- Industry
Wars, Old Men And Very Few Laughs
The 71st Venice Film Festival came to a close Saturday night with lions and coppa volpis going to a wide array of winners. A recap of the world’s oldest festival.
Depressing is not a word usually applied to Venice, an easy-going festival with perfect access, great surroundings and delicious food. But as sweet as the dolci outside, what played inside the screening theaters was for the most part bleak and sad. Venice started off with the dark comedy Birdman but descended into real darkness only a day later.

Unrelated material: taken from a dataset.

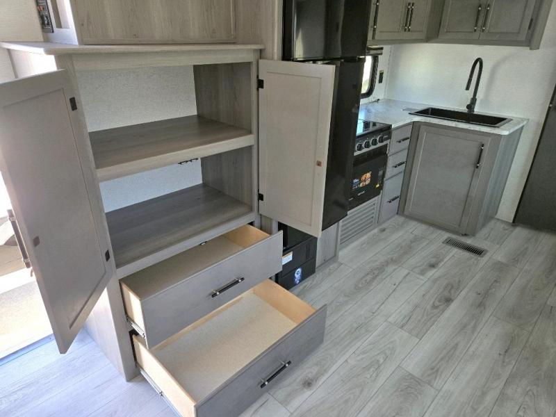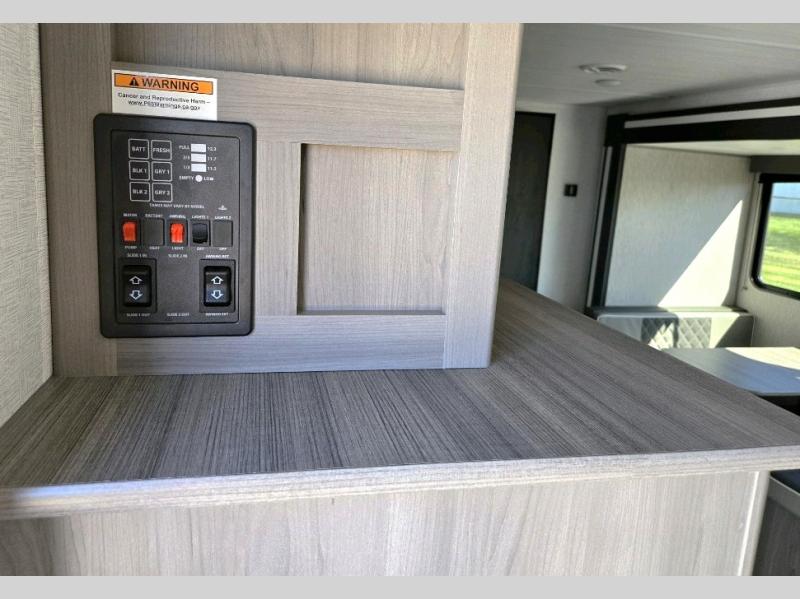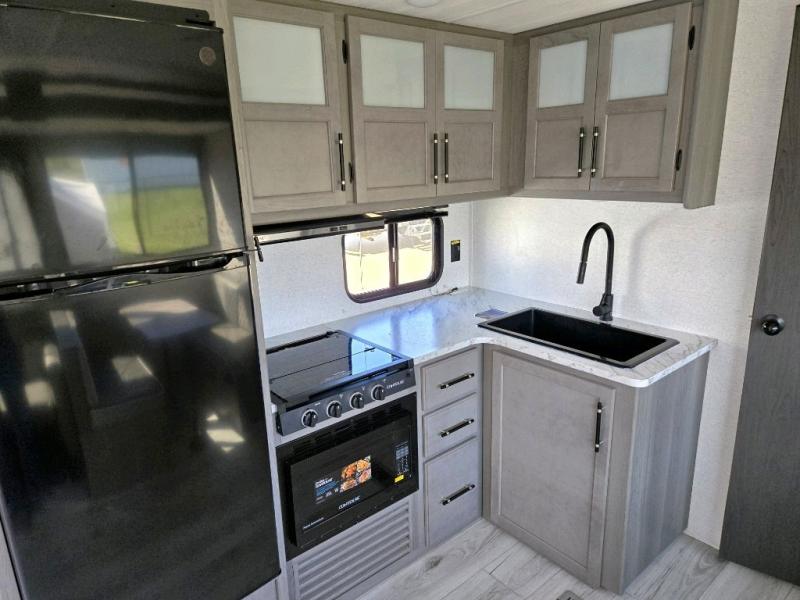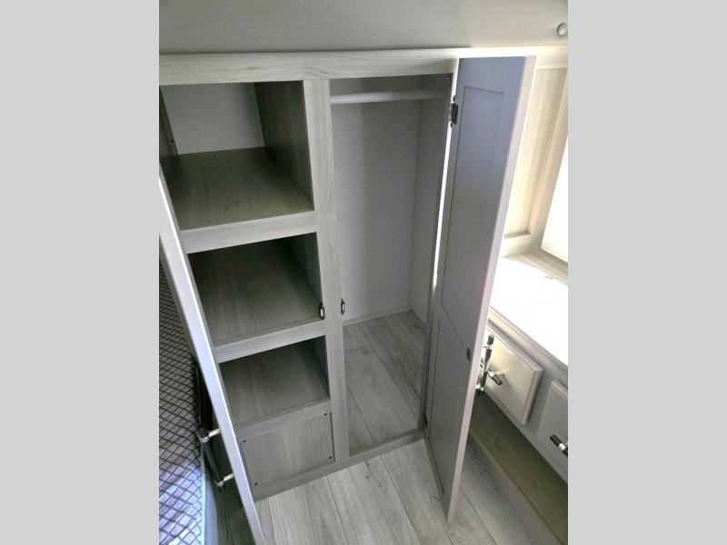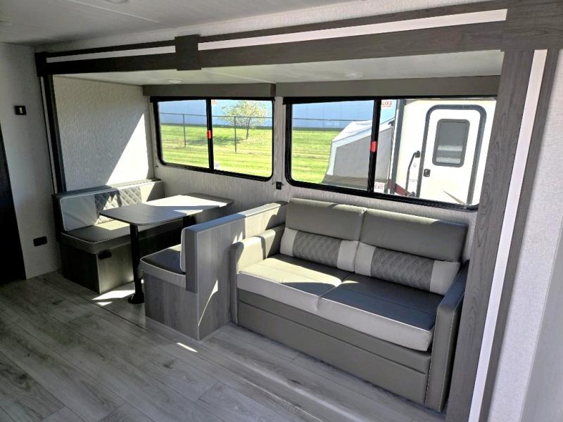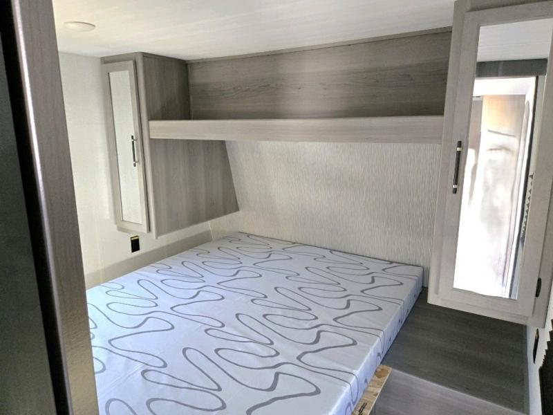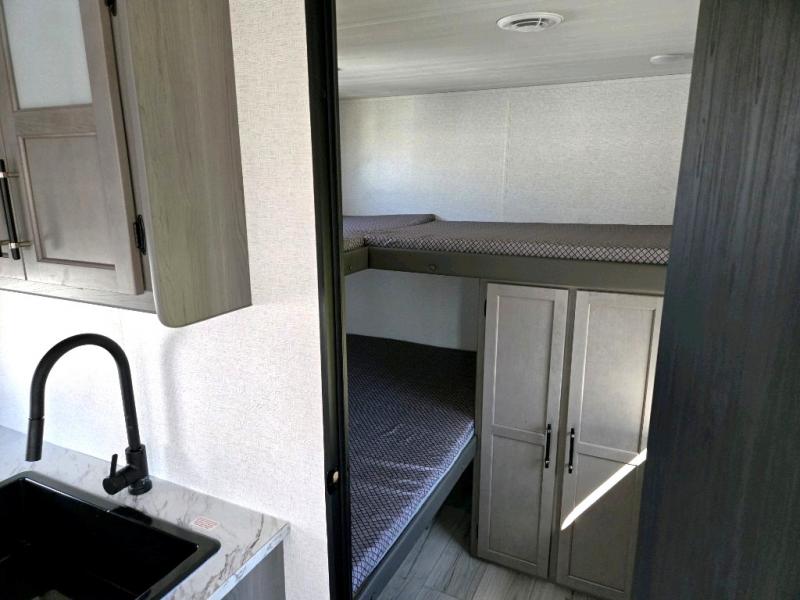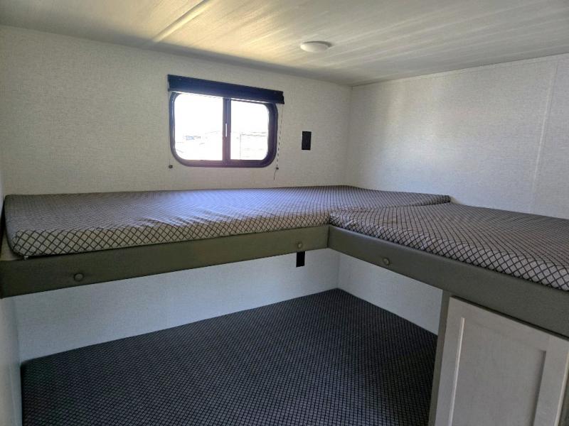 If you enjoy camping with extra friends and family, this travel trailer will be perfect for you! There is a rear bunkhouse with triple bunks, a dresser, plus a closet, making this room perfect for guests. Up front you'll find the private bedroom with a queen bed, dual nightstands and dual closets for your things, and the full bath is close by for convenience. The chef of your group will have a cooktop to prepare meals, ample counter space, plus a pantry for dry goods and snacks. Your crew can play a game at the booth dinette or relax on the sofa while dinner is being made, or they can relax outdoors under the 16' power awning!

Fatih Akin presented The Cut a film on the Armenian genocide, Amos Gitai brought Tsili, where the scenes of fighting soldiers dominate the background through almost the entire film even though you hardly ever see them. Gitai fared better with his segment in the directing ensemble piece Words With Gods (more on that later). Joshua Oppenheimer’s documentary The Look of Silence, a sort of follow up to his Act of Killing, was no laughing matter, either. Ethan Hawke excelled in Andrew Niccol’s Good Kill as a drone pilot looking for redemption, but the film, after starting off well, disappointed with its ending. And then there was Shinya Tsukamoto’s Nobi: Fires on the Plain with starving soldiers driven to madness. Viggo Mortensen played a teacher drawn into Algeria’s battle for independence in Far From Men.
One needed a caffè corretto, the strong espresso with a shot of grappa, to get through more than two of these kinds of films per day. The war themes are no surprise said festival director Alberto Barbera – the festival only resembles the state of the world: “We are living in dangerous times.”
The alternative to the atrocities and torture of war seemed to be the problems and sensitivities of (sometimes dirty) old men: Al Pacino as a lovelorn locksmith in Manglehorn, Al Pacino as a washed up actor – where Michael Keaton lit up the screen in Birdman in a similar role, Pacino merely flickered in Barry Levinson’s The Humbling. In Pasolini Abel Ferrara did what he has done better before: delve into the depraved depths of the male soul with his biopic on the Italian poet and filmmaker. And then there was enfant terrible Lars von Trier with part 2 of Nymphomaniac. Europeans were hardly shocked, not because we had seen part 1 but because of all his previous excursions into sexual issues (and because we are not that easily shocked by sex in the first place).
Lots of female critics wondered aloud whether the emphasis on male themes and male problems simply had to do with a heavily male dominated festival. As Molly Hassell, the producer of Ami Canaan Mann’s love story Jackie & Ryan pointed out : “I am only one of two female producers in this festival.” And Ami Mann was only one of a handful of female directors, Veronika Franz and Mira Nair (who only made a short, though) among them. Where is Jane Campion when you need her? Campion made a big stink about the lack of women in film as president of the jury in Cannes, but Cannes in comparison had more girl power than Venice.
The question whether or not the sensibilities on screen would have been different with more female voices is tough to answer. More than all the wars fought in the cinemas, it was the economic issues that were a sign of our times. Ramin Bahrani excited viewers with 99 Homes, his scathing critique of the Florida housing crisis. American journalists and all those of us living in the U.S. reacted with anger – not towards the film but towards the misguided politics that caused the crisis in the first place.
There were a few laughs: Peter Bogdanovich’s She’s Funny That Way delighted the audience, as did Jackie & Ryan with Katherine Heigl in her most nuanced performance. 3 Cœurs, a love triangle with Catherine Deneuve, Chiara Mastroianni and Charlotte Gainsbourg disappointed with its conservative direction. And the Golden Lion-winner was the absurdist swedish film A Pidgeon Sat on a Branch Reflecting On Existence (yes, that title !) had garnered lots of chuckles despite its partially bleak tone but laughing out loud was not on the menu in Venice, even though some Italians were howling at Belluscone: Una Storia Siciliana, a documentary on the connection between former prime minister Silvio Berlusconi and the mafia. It was certainly funnier than the other Berlusconi doc La Trattativa that overwhelmed non-Italian audiences with too much information.
The films that stuck and caused thoughtful discussions even days later? Certainly 99 Homes and for me Guillermo Arriaga’s Words With Gods where he recruited 9 directors to film shorts on different religions, among them Gitai, Nair, Alex de la Iglesia and Hector Babenco.